Melanoma, or as it is commonly known, skin cancer, does not have many symptoms. An itchy mole on the chest or the back is frequently ignored, while this is perhaps one of the most prominent symptoms of the disease. If your birthmark mole is itchy, and grows actively, there is a great chance that it may become malignant. Thus, getting it checked out is essential.

  • Allergic reactions

We live in a world of chemicals and fragrances. While we are aware of the common allergies we have, such as peanuts or dust, we do not consider the fact that we may be allergic to substances used in common household items, such as laundry detergents, body sprays, tanning sprays or any other similar products. If an itchy mole on the arm, hands or any other body part appears, consider what new products you have started using. It might just be your body reacting to strong chemicals.

  • Exposure to UV rays

Using tanning beds, excessive sunbathing, or any other form of exposure to UV rays, such as working in an environment with UV equipment, can cause an itchy mole. Similar to Melanoma, an itchy mole on the arm, or any exposed area, may be a red flag for a skin disease, and it needs to be checked out for early detection of any skin disease and prevention of further damage.

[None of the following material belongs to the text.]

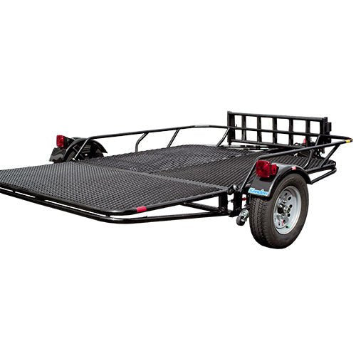 Whether your towing your favorite toys or doing hard work, the Kendon Folding Utility Trailers get it done. The flat deck trailer is a total of 6 ft. x 9 ft. of heavy-duty expanded metal and is strong enough and large enough to carry ATVs, UTVs, SXSs, golf carts, appliances, wood, building materials, or just about any other cargo you need to haul. Best of all, the Utility trailer takes up so little space in the garage you’ll forget all about it – until you need it again.
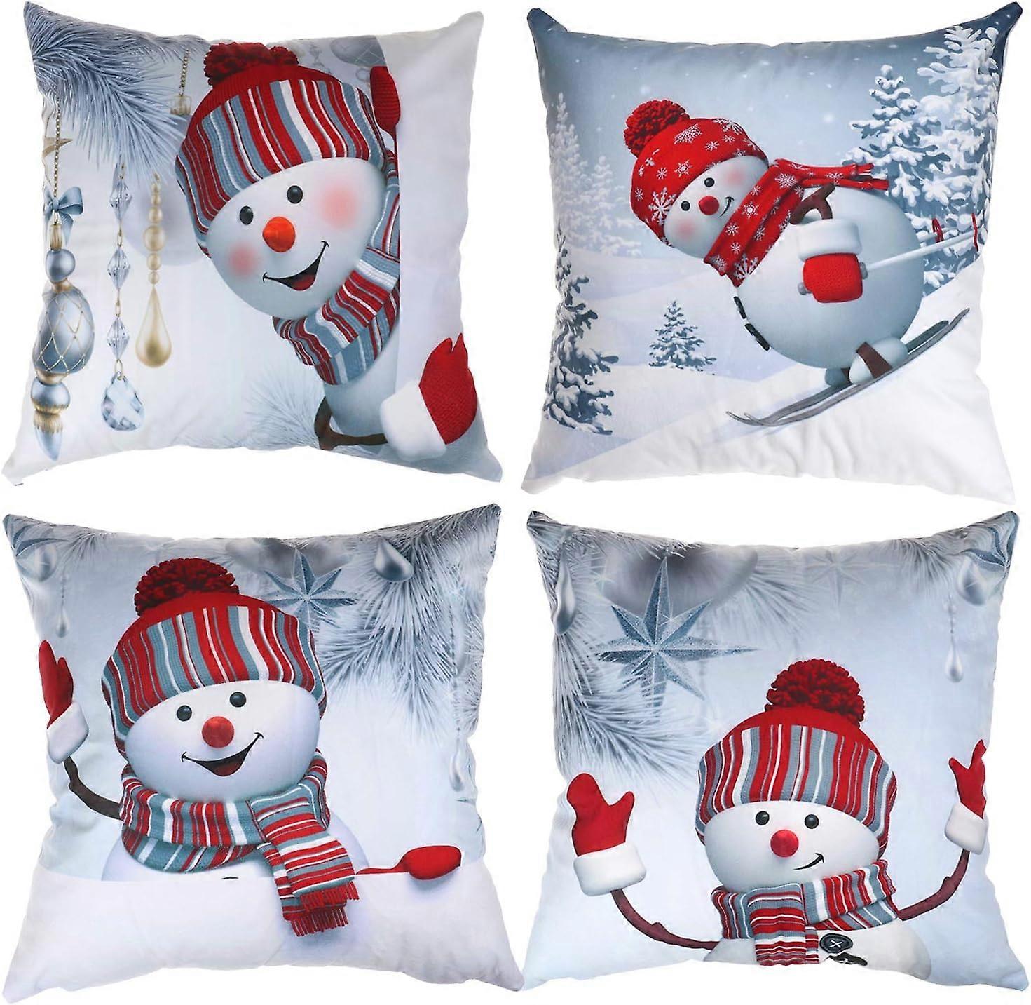Set of 4 White Xmas Pillow Case Winter Cushion Covers for Home Office Bedroom Sofa 18x18 Inch

If you are not sure why the mole is reacting, and you feel that you really do need to visit a dermatologist or oncologist, while being on a waiting list for the doctor, you can try to reduce the itching using a weak vinegar solution to dampen a sterile bandage, and place it on the mole.

Is My Mole Really Cancerous?

To check for yourself if the mole may or may not be cancerous, there exists and ABCDE rule. Although an evaluation by the dermatologist should be conducted, you should definitely know this rule:

  • Asymmetry: in most cases, moles and freckles are usually symmetrical, and will have symmetrical halves, while a cancerous growth may not be symmetrical, and will usually have an odd shape.
  • Border: if your mole is a malignant growth, it will have a border or an outline that is blurred, and uneven.
  • Colour: regular moles are evenly coloured, and the pigment distribution is equal. In case the distribution is unequal, or the itchy mole is slightly darker, this could be the cause for concern.
  • Diameter: if the diameter of a mole is greater than approximately 6mm, or a quarter inch, it needs to be checked out. Any regular mole should not be larger than this, irrespective of any other symptom.
  • Evolution: any changes in any of the features of a mole should be observed, and any red flags should be immediately be reported to your doctor.

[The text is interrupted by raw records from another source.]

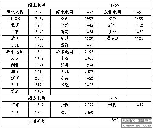 2012年度各省级电网区域风电利用小时数统计表
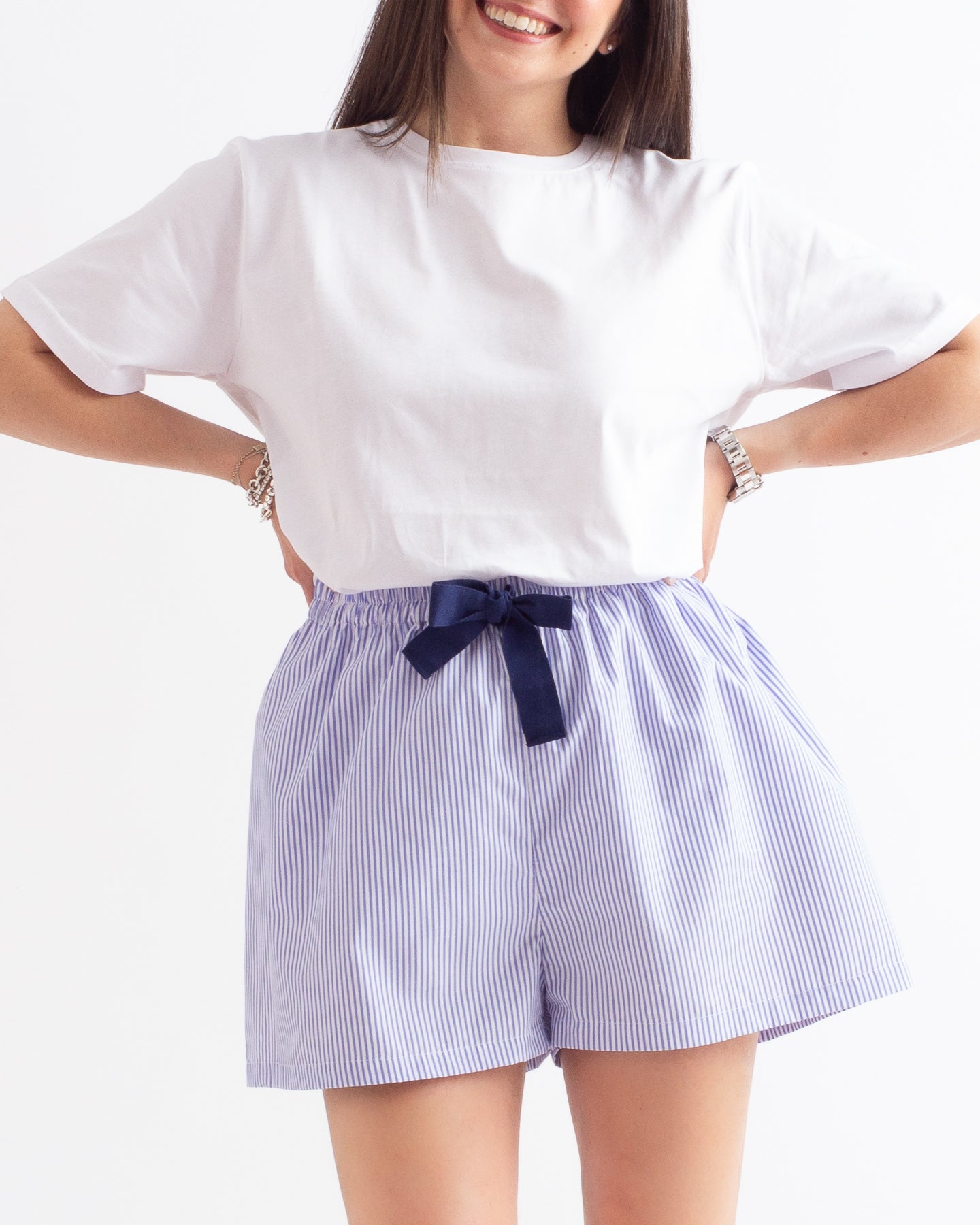 Shorts in cotone a Righe Sottili
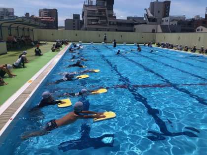 2年生は水に慣れることが目標ですが、け伸びをしたりプールに縦に泳ぐ(25m)ことにもチャレンジしました。みんな一生懸命にがんばりました。
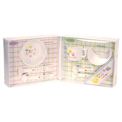 - ファーストプレート×1、ミルクマグ×1、ライスボウル×1、マッシャー×1、フィーディングスプーン×1、スプーン×1、フォーク×1(材:ポリプロピレン)
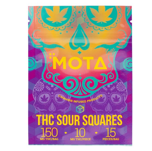 Mota is a Canadian marijuana infused edible company based in Vancouver Island that provides some of the worlds best THC edibles on the market. One of their most popular edibles that recreational and medical edibles love is Sour Squares which are 150 mg of THC with 15 squares containing 10 mg of THC.

If any of these characteristics hold true, especially that of size, you need to get the mole checked out by a dermatologist.

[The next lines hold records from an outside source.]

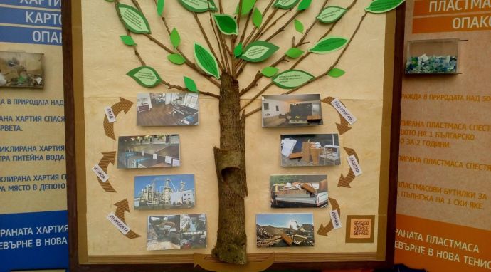 Паното, донесло първото място в конкурса, показва на всеки ученик и родител, че цикълът за рециклиране на дървесината започва от дома на всеки един жител на Бургас.
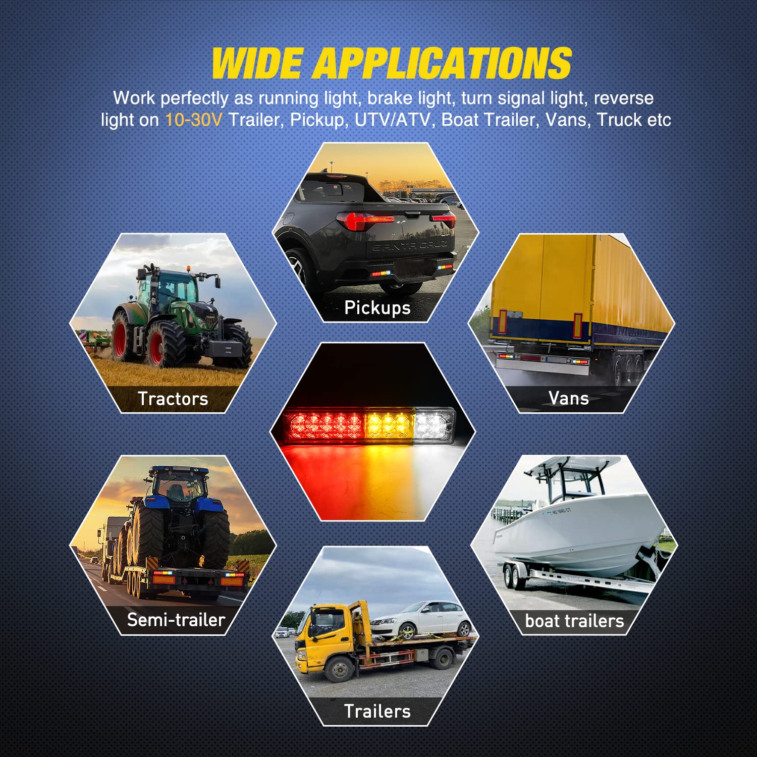 • Outstanding brightness: Each light is composed of 20pcs high-quality and durable LED, stably output super bright red running/brake light, white reverse light and amber turn signals light. The rear vehicles can clearly see your light changes during the day and night, ensure your travel safety.
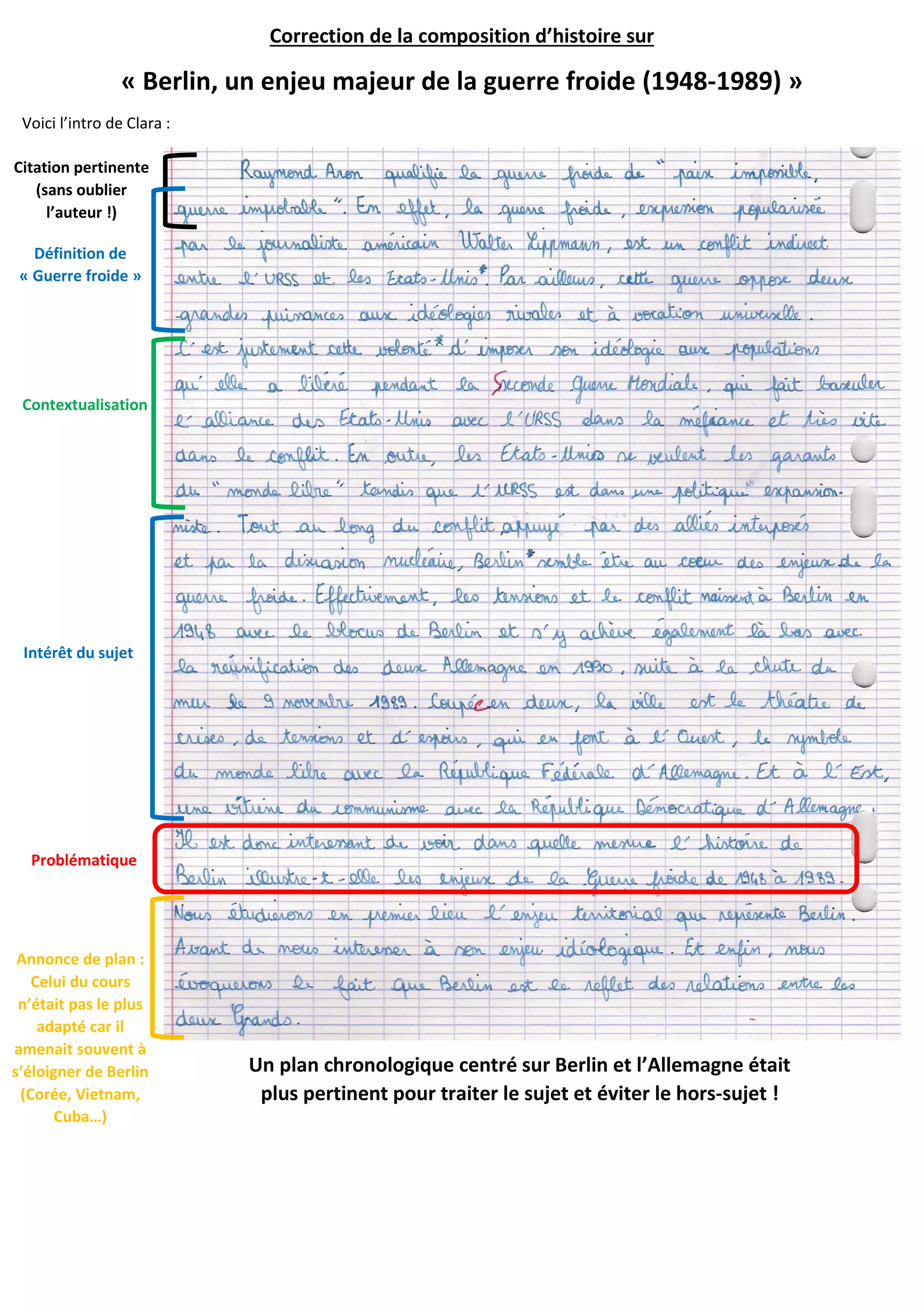 Le document corrige une composition d'histoire sur Berlin durant la guerre froide, en soulignant l'importance d'une approche chronologique centrée sur Berlin plutôt que sur des événements périphériques. Il mentionne un plan détaillé en deux parties proposé par Emma, tout en suggérant qu'un plan en trois parties aurait également été pertinent. Enfin, il souligne l'importance d'intégrer des éléments comme la réunification allemande de 1990 et la disparition de l'URSS en 1991 dans la synthèse.
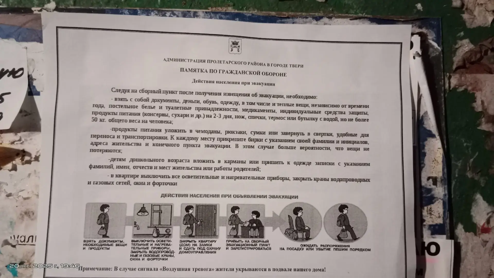 В посёлке "Первомайский" города Твери на подъездах жилых домов появились объявления от Администрации Пролетарского района города Твери, на которых распечатана "ПАМЯТКА ПО ГРАЖДАНСКОЙ ОБОРОНЕ".
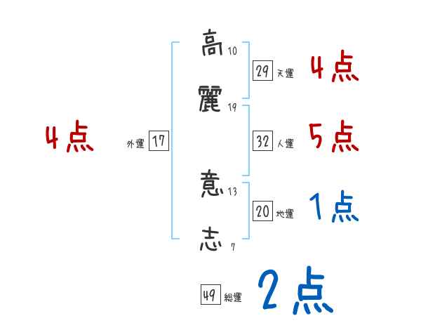 人運![]() | 高麗意志さんの人運は32画の5つ星!柔軟性があり成功する。チャンスが多く金運が良い。 性格や才能などを表す2番目に重要な運勢です。人間関係や協調性、社会的な成功に影響します。主に20歳から50歳ぐらいまでの中年期の運勢を表します。 |

Do You Really Need To Remove The Mole?

If you want to eliminate any risk and get your itchy moles removed, just in case here are some things you need to consider:

  • Mole removal should only be done by a certified dermatologist, or oncologist, in the sterile environment of a proper clinic or hospital.
  • Moles that will be in contact with clothes, and those in the folds of your skin, should be removed. Such moles can easily be scathed, and they need to be removed to prevent damage.
  • Elevated moles that form tiny bumps on your skin should be removed, because the risk of malignization and skin damage is high.

If you really want to get your moles removed, you should focus on these areas and avoid those on your face and private parts.

mole removal

Do Not Panic

While abnormal moles are a cause of concern, it is essential to understand it might not always be cancerous. A trained eye, such as that of a dermatologist, should be consulted. Make sure you choose a good dermatologist to determine why the mole is abnormal, and whether a biopsy is needed. A biopsy is a test of the tissue to determine whether the growth is cancerous, and it can help in providing evidence of cancer.

It is important to understand that until the biopsy gives a verdict, you do not need to panic, because the itchy mole on your chest, neck, and other body parts may be caused by something else.